As of 10.30 am today, a whopping 3,23,52,039 shares of Tata Consultancy Services Ltd (TCS) got traded in bulk deals on the National Stock Exchange (NSE) as well as the Bombay Stock Exchange (BSE). This includes two trades of 9.04 million shares and 7.5 million shares at 9.15 am that are the largest in at least a decade, if not more. In the bargain, the share price of the fastest growing IT services brand in the world - according to leading brand valuation firm, Brand Finance - cracked over 5% in the morning trade. TCS is currently trading flat at around Rs 2,898 apiece while the Sensex is up 0.18% at around 33,980.

This follows media reports of Tata Sons planning to sell a 1.5% stake in TCS, worth nearly $1.3 billion (Rs 8,500 crore), through block deals. Citigroup and Morgan Stanley are managing the TCS share sale, touted to be the biggest block trade this year at over 28 million shares. As per the deal term sheet, Tata Sons, which owned 73.5 percent of TCS as of end-December, would sell the shares in a price range of Rs 2,872 rupees to Rs 2,925 rupees apiece. That's a discount of 4-6% on TCS' Monday closing price of Rs 3,052 on the BSE.
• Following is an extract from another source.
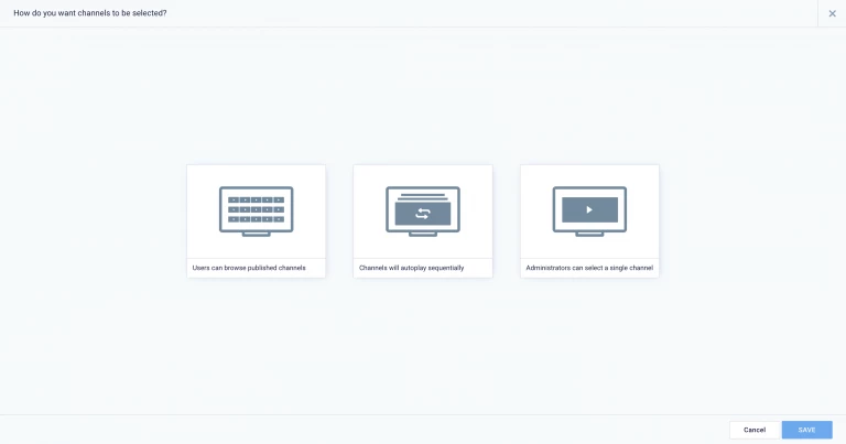 - Users browse published channels – this is the interactive mode or channel browsing mode, ideal for touch screen TVs or TVs with remote control, to display corporate content and enterprise tv, in any common space. When displaying the channel browsing mode, anyone can browse and play any content published to this device.While a Location Admin configures this setting, a Publisher must publish channels to the device and may assign any type of content, and channel type.

For the uninitiated, a "bulk deal" is a trade where a single investor buys/sells more than 0.5% of a company's total equity shares, either through single or multiple transactions. On the other hand, a "block deal" is a transaction of over 500,000 shares - or a minimum value of Rs 5 crore - executed through a single transaction. According to Motilal Oswal, these trades are done on a special window that opens for 35 minutes in the morning trading hours. The orders in a block deal are not shown to people who trade from normal trade window.

According to The Economic Times, experts say that the proceeds of this sale may be used to deleverage the balance sheet of Tata Sons. The latter had to shell out $1.2 billion to NTT DoCoMo last year in order to settle the long-standing dispute with the Japanese telecom giant after it exited their joint venture in 2013.

Then there is the debt of over Rs 40,000 crore owed by Tata Teleservices, even as the sale of the consumer wireless unit to Bharti Airtel awaits regulatory approvals. In 2017, Tatas had announced that Tata Teleservices will merge with Bharti Airtel on a no-debt, no-cash basis.  The proceeds from the TCS sale might be used to clear some of this debt.

Incidentally, just last week Bloomberg had reported that Tata Sons is seeking an offshore syndicated loan to repay debt of units Tata Teleservices and Tata Teleservices Maharashtra. The $1.5 billion six-year loan is set to be the first offshore syndicated facility taken out by Tata Sons since 2007. The Group is clearly in a hurry to exit its troubled mobile telephony business.

Other industry experts point out that Tata Sons may choose to use the TCS stake sale proceeds to fund Tata Steel, which is hoping to snap up Bhushan Steel and Bhushan Steel and Power. Tata Steel is reportedly the highest bidder for both bankrupt companies with a total debt of Rs 60,000 crore.

After this block deal, Tata Sons will hold about 73% in TCS, which generated $18 billion in revenues in fiscal 2017. TCS is the most-profitable unit within the $100 billion-plus Tata Group, and ranks among the top three most valuable brands in the global IT services sector along with IBM and Accenture.